Wir rufen hier natürlich niemanden dazu auf, Straftaten zu begehen, finden Besetzungen jedoch extrem charmant. Abschließend haben wir euch ein kurzes „How-To: Hausbesetzung“ vorbereitet. Diese beinhalten unserer Einschätzung nach die wichtigsten Punkte, die es zu beachten gilt. Des weiteren haben wir euch einen umfangreicheren Reader von Genoss*innen aus Berlin verlinkt. Falls Ihr Kontakt zu uns aufnehmen wollt, dann könnt Ihr uns unter leipzigbesetzen@riseup.net schreiben. Unseren pgp-key findet Ihr auf unserem Blog (www.leipzigbesetzen.noblogs.org) bzw. erhaltet Ihr ihn auf Anfrage per Mail. 

How-To: Haus besetzen in 10 Schritten

1. Freund*innen, Genoss*innen, Arbeitskolleg*innen und Mitschüler*innen ansprechen; Vernetzung starten/organisieren.

2. Durch die Straßen gehen und (ein) leerstehendes Haus aussuchen. 

3. Das infrage kommende Hausbesichtigen (marodes Dach/Treppenhaus, Schimmel/feuchte Stellen,sanitäre Anlagen, Elektrizität, …) und schauen, dass keine anderen Menschen darin leben. 

4. Einen Termin für die Besetzung aussuchen. 

5. Transpis malen, evtl.

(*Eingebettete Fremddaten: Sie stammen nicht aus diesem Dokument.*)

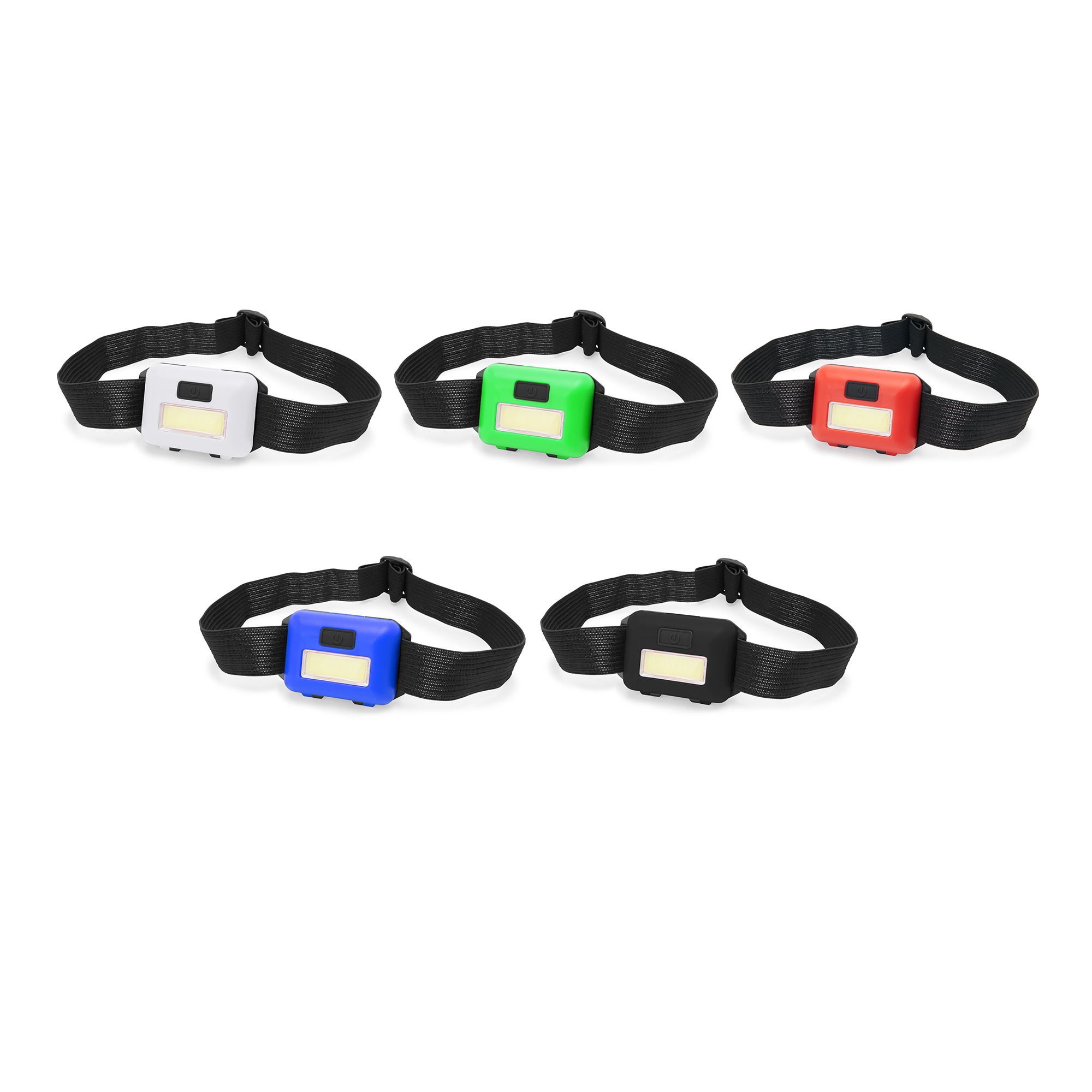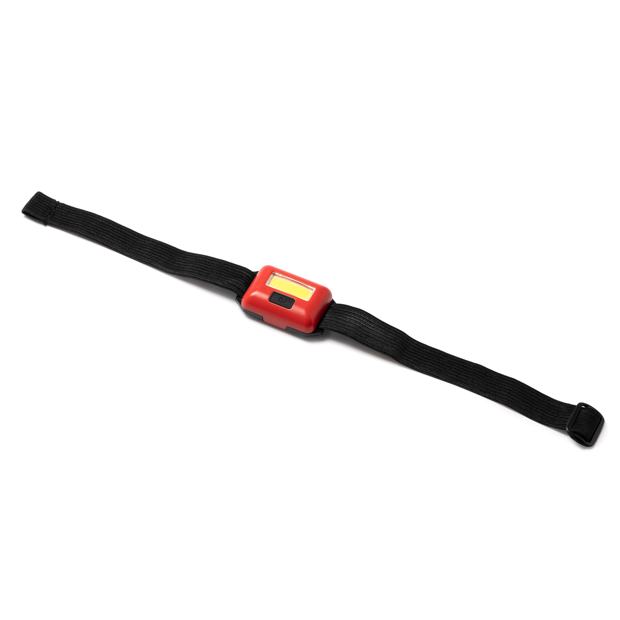 Linterna deportiva con cinta para ajuste multiusos. Cuenta con 8 luces LED COB con 3 modos de iluminación (2 directos + 1 parpadeo). Funcionamiento con 3 Pilas AAA (no incluidas).

Texte und Pressemitteilungen vorbereiten, dafür sorgen, dass am Tag der Besetzung eine breite Öffentlichkeit dahinter steht/davon mitbekommt, sodass diese supporten kann.

6. Online oder in kleinen Läden bereits registrierte Sim-Karten und billige Handys, um kommunizieren zu können,sowie eventuell eine Kamera besorgen, um Fortschritte im und um das Haus zu dokumentieren.

7. Schlafzeug, Hygienebedarf, Erste-Hilfe-Zeug, Kerzen, Werkzeug (Säge, Hammer, Schraubendreher), gegebenenfalls Verbarrikadierungsmaterial (Nägel, Schrauben, Holzplatten, Gitter) und ein bisschen Essen sowie Wasser sollten im Haus nicht fehlen.

8. Haus betreten, verbarrikadieren, für Sichtschutz und Vermummungsmaterial sorgen, die Transpis raushängen unddie Besetzung öffentlich machen!

9. Auf Unterstützungwarten, sich über Support freuen und wie er den Cops das Leben schwer macht.Versuchen, das Haus zu halten!

10. Ein neuer Freiraum ist entstanden. Besetzt-Mal-Reader:https://besetzen.noblogs.org/files/2019/01/besetzmalreader.pdf 

Bringt euch ein in den Sommer der Besetzungen! Organisiert euch! Startet Aktionen, informiert Nachbar*innen über die Wohnungssituation, werdet (gemeinsam) aktiv,…! Nehmen wir uns das, was uns zusteht!